** Exercise brief **
Since the records include pictures, leave those out while you reproduce exactly and only the lines from the one containing "1935 C $1 SILVER" through the one containing "Вариант двухэтажного дома", inclusive.

** Data in this exercise **
▼
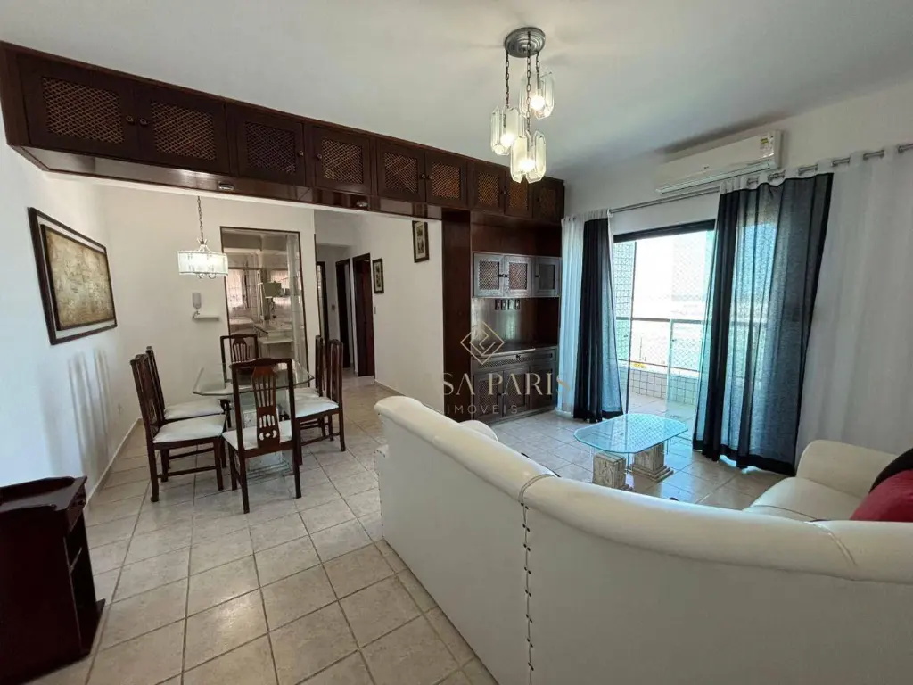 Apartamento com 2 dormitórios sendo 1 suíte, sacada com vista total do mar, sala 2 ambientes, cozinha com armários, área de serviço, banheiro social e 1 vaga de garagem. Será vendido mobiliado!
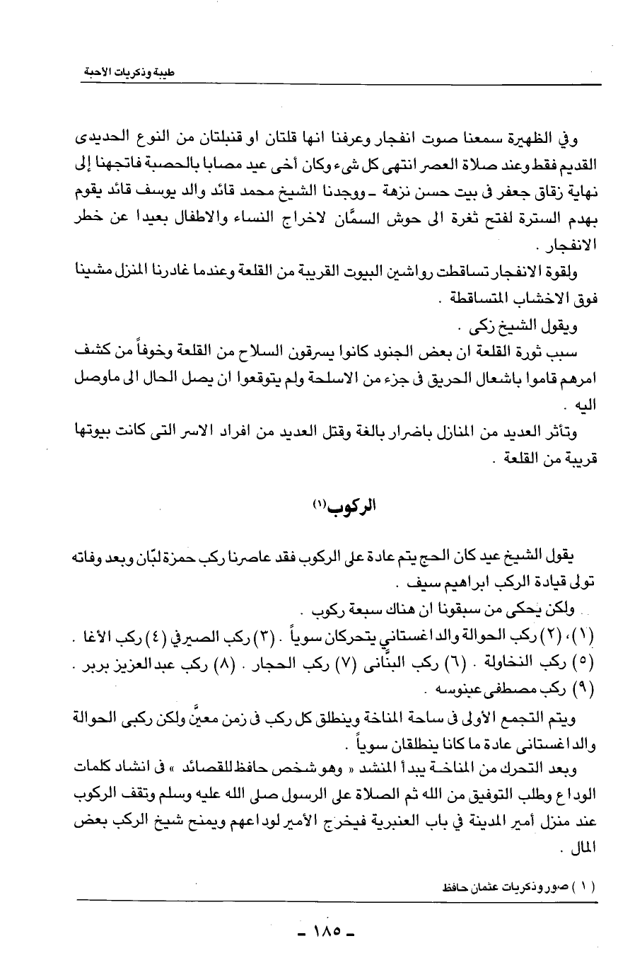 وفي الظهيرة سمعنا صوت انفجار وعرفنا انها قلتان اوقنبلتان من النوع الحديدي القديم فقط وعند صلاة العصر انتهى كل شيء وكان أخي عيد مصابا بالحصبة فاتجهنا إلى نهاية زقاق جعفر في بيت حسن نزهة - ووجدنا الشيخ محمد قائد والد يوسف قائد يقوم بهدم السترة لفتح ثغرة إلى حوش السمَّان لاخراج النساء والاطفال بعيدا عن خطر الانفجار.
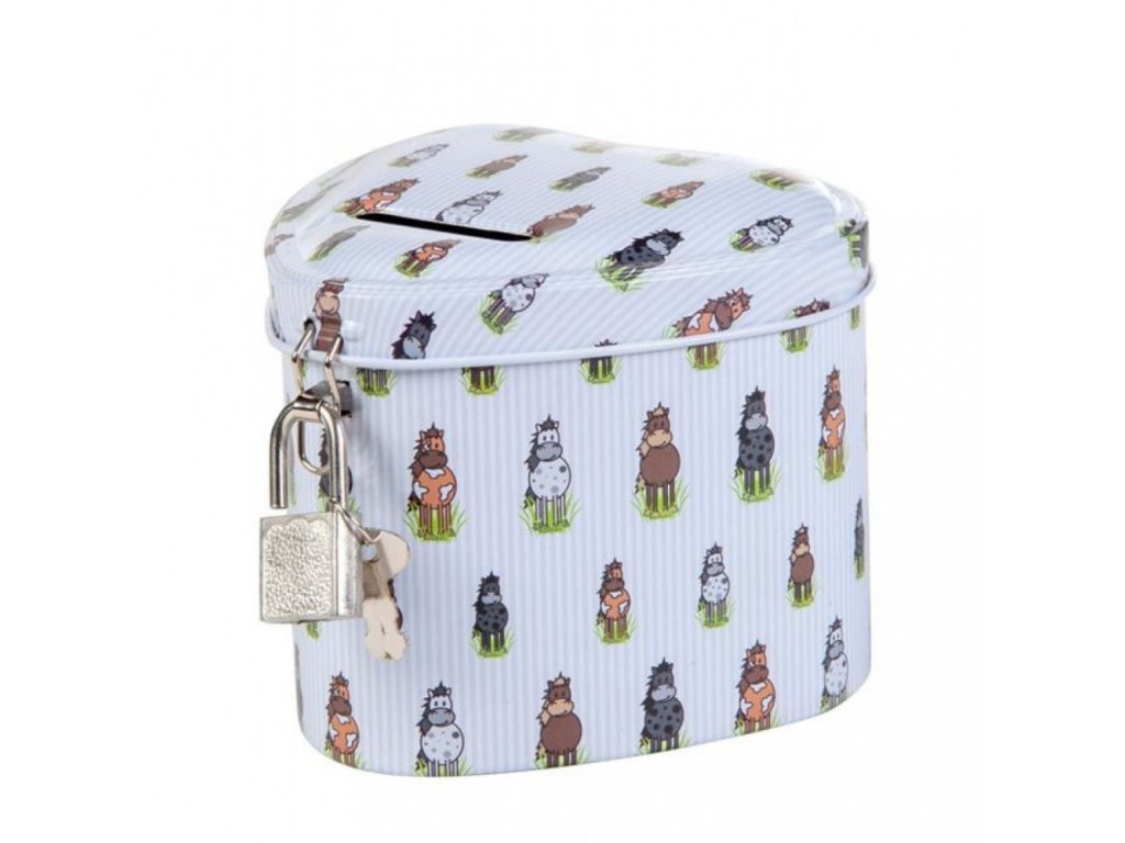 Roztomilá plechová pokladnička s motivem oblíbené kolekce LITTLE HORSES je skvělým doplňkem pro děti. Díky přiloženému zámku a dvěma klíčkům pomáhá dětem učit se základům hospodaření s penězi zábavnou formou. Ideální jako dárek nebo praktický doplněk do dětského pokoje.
▲
▼
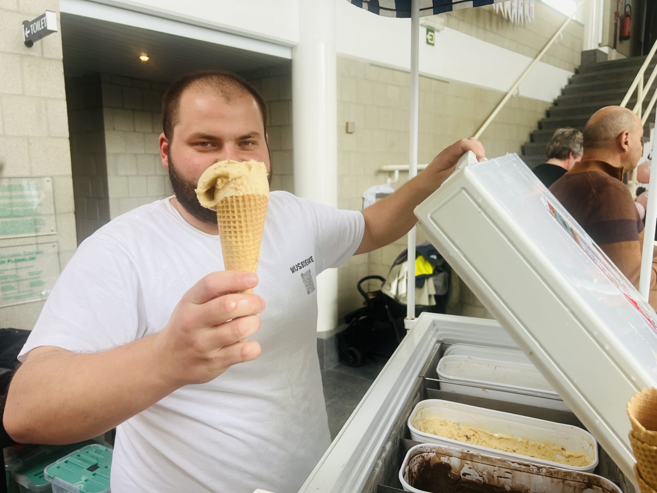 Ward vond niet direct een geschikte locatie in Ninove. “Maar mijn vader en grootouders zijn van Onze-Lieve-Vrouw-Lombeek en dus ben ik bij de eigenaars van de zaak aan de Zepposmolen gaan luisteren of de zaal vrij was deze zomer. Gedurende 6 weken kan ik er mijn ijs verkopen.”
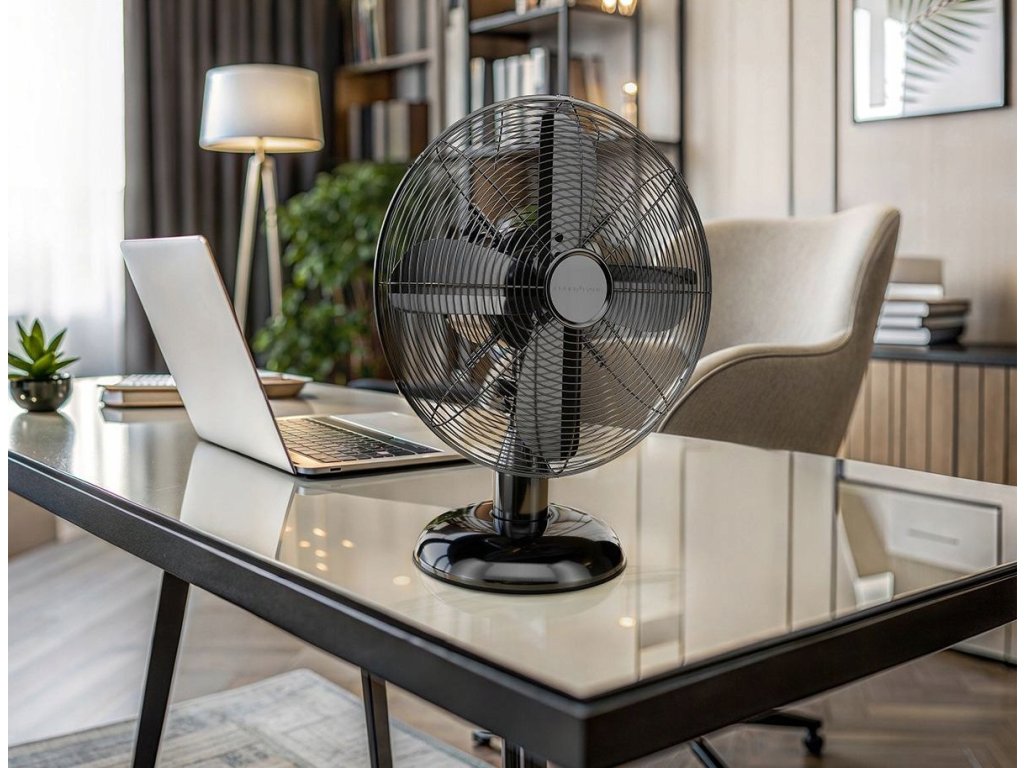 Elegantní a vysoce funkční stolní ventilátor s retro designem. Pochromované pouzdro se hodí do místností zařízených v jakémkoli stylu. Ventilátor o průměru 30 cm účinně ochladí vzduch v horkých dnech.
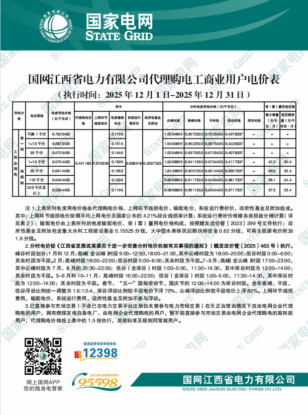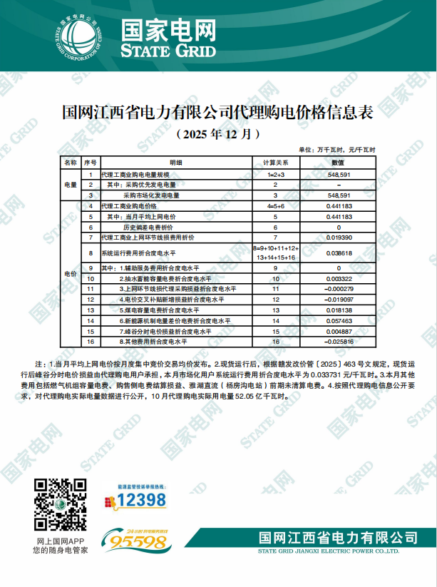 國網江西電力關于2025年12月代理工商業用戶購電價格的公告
▲
▼
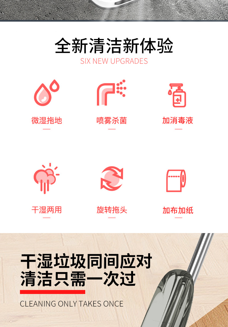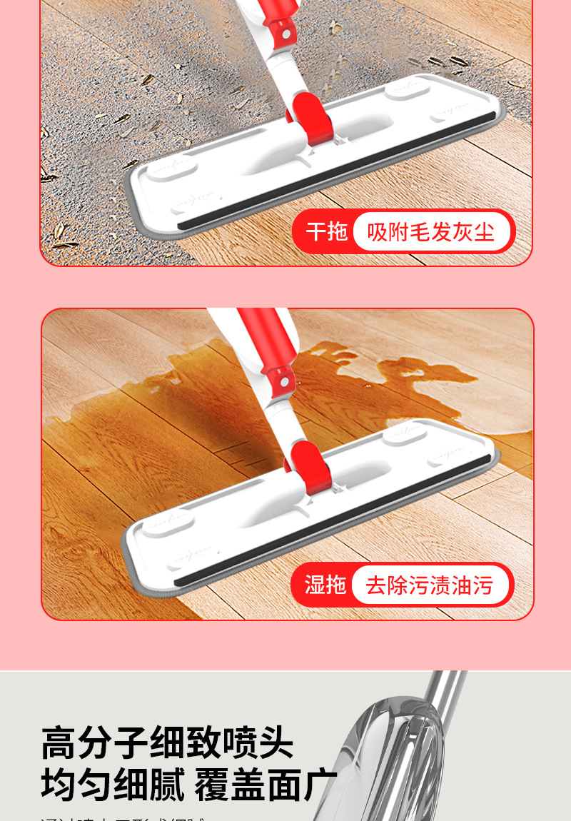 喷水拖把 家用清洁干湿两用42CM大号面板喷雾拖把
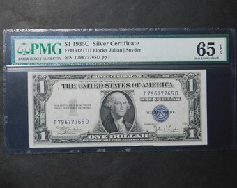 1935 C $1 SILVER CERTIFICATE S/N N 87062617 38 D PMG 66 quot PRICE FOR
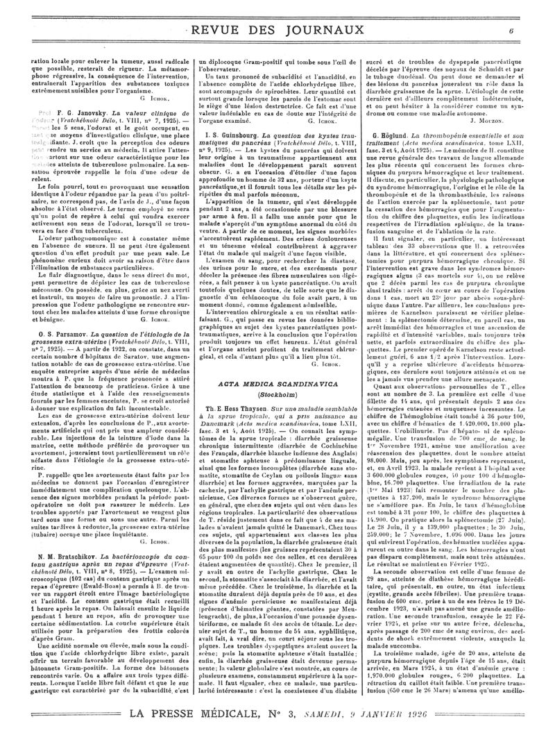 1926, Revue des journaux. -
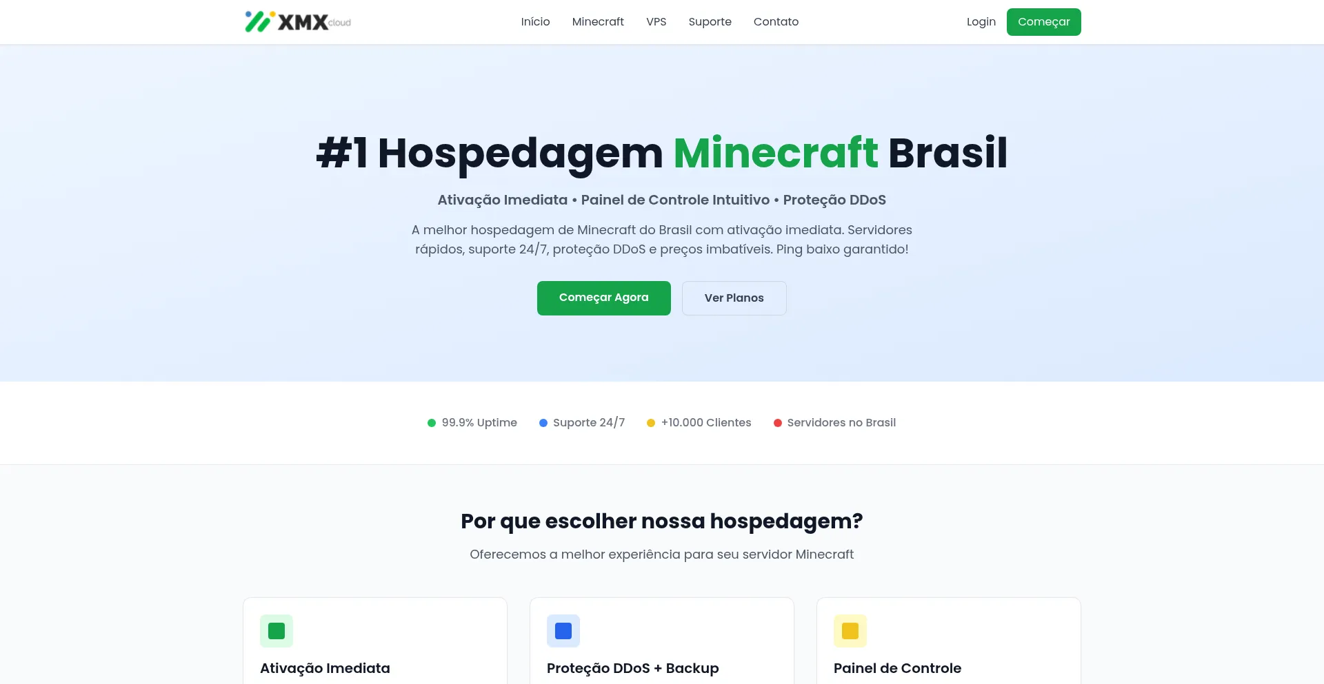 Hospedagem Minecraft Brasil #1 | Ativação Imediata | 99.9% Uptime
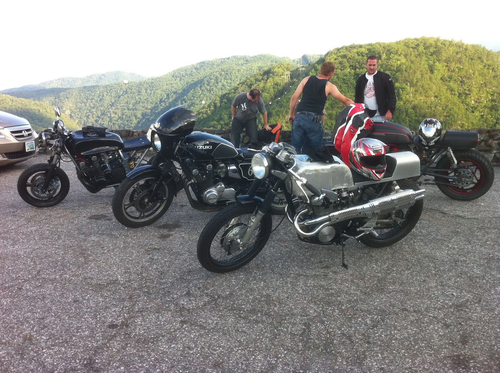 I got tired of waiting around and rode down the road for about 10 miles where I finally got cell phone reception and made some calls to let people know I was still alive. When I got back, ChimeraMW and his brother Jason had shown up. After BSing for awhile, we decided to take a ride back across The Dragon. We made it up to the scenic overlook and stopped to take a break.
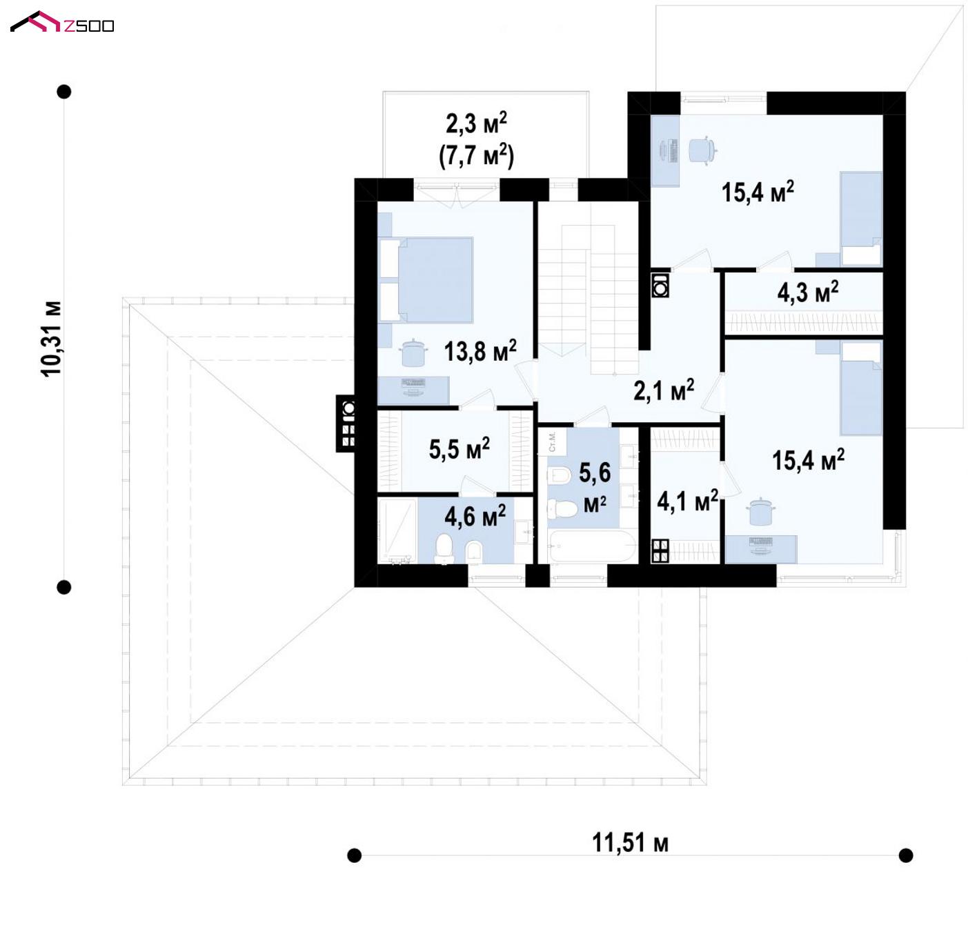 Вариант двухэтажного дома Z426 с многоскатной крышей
▲
** Task solution **
 1935 C $1 SILVER CERTIFICATE S/N N 87062617 38 D PMG 66 quot PRICE FOR
 1926, Revue des journaux. -
 Hospedagem Minecraft Brasil #1 | Ativação Imediata | 99.9% Uptime
 I got tired of waiting around and rode down the road for about 10 miles where I finally got cell phone reception and made some calls to let people know I was still alive. When I got back, ChimeraMW and his brother Jason had shown up. After BSing for awhile, we decided to take a ride back across The Dragon. We made it up to the scenic overlook and stopped to take a break.
 Вариант двухэтажного дома Z426 с многоскатной крышей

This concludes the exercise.